What was the happiest moment in human history?
The most glorious, victorious moment would be when Christ paid for our sins on the cross and then rose from the grave, conquering death.
But, what was the happiest moment in history?
To answer that question, what is your happiest memory, excluding your salvation?
Ask this question to the general public, and you will find that most people’s happiest memories involve their families and loved ones. Such memories involve weddings, the birth of children, family reunions, Christmas celebrations with the family, or just the memory of how you used to spend time together.

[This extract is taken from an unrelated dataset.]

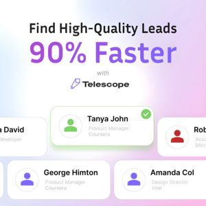 This square SaaS ad template promotes a B2B lead generation/prospecting tool that promises speed and efficiency. The design is clean and modern: a soft pastel gradient background (lavender to pink) supports a bold, oversized performance claim (“90% Faster”) in purple, with a smaller supporting headline above and a compact brand lockup (“Telescope”) beneath. The bottom half uses floating CRM-style contact cards with avatar icons, names, job titles, and company lines; one highlighted card includes a green checkmark, signaling verified or qualified leads. The creative strategy is top-of-funnel awareness for audiences who aren’t actively shopping yet: it hooks attention with a concrete metric (curiosity + efficiency trigger) and immediately visualizes the outcome through recognizable UI elements (social proof/credibility via “real” contacts). The minimal layout keeps scanning effortless in busy feeds. Customize by swapping the percentage claim, inserting your own app name/logo, and replacing the cards with your ICP roles (e.g., “VP Sales, FinTech”) to align with specific verticals and targeting.

Our best memories involve the ones we love, and those times are often the happiest times of our lives.
With that in mind, what was the happiest memory from human history?
Genesis 2:15-20 records how God spent personal time with Adam, having placed him in the Garden of Eden to keep and dress it, and creating animals for Adam to name. Genesis 3:8 records how Adam and Eve heard the voice of the LORD walking in the garden in the cool of the day, which gives you the idea that those walks were common, if not daily.
Reading between the lines of Genesis 2-3, you get the idea that life was good. God and man dwelt together, spent time together, created things together, and even dreamed together. Before the fall of man, there was no sin in the world, no illness, no problems. Life was just good.

For us, this sounds like a dream! Obviously, this was the happiest time in human history. However, when it comes to the happiest time in God’s memory, this would also be it.
God created man for that fellowship, a fellowship that came from a gratitude and a recognition of God’s blessing, but by man’s choice (hence the tree in the garden).
When man sinned in the garden, that fellowship was broken, death entered in, and the problem filled life we know today emerged. God was no longer physically present, and could no longer dwell among His people. Paradise truly was lost.
However, God loved us so much that He refused to let the story end there. Though man ended the relationship by taking a tangible step to remove God from his life, God undertook a centuries-long project to reconcile with man, and to redeem His creation so that He could once again dwell with His people.
It’s God’s desire to live with His people that motivated Him to order the construction of the Old Testament Tabernacle. Situated in the middle of the camp of the Israelites as they lived in the wilderness in Exodus-Deuteronomy, God’s presence filled the tent, and thus He literally dwelt in the midst of His people.
When the Lord became flesh and dwelt among us (John 1:14), God once again was able to dwell among His people, this time in a more personal sense than when He dwelt in the Tabernacle.
In the four Gospels (Matthew, Mark, Luke and John), we see the Lord’s love for His disciples, His compassion for people, and His frustration at the impact their lostness had on them. In John 17, we find Jesus in prayer in the hours prior to His crucifixion. In that prayer, we can see the heartbreak He experienced, not over His own death, but His pending separation from His disciples.
Having only lived His biggest dream for a few years, the Lord was about to undertake the redemption of all mankind so that He can once again live with us.

Once our redemption was completed on the cross, Jesus continued to advocate for us in Heaven. To this day, that advocacy continues, along with His ministry to us through the Holy Spirit, and His reaching out to us with the Gospel through His ministers on this earth.
All of this is building to the day when the Lord will return, and we will be reunited with Him forever, and that day will come when the last man on earth to accept the Gospel does so.
God’s love for us is so profound, that He sacrificed Himself, giving His only begotten Son for us, so that we can be reunited with Him upon our belief. There is no higher love than that.
And the center of this love story is our Lord, but the object of that love us you… so you best believe in love stories, you’re in one.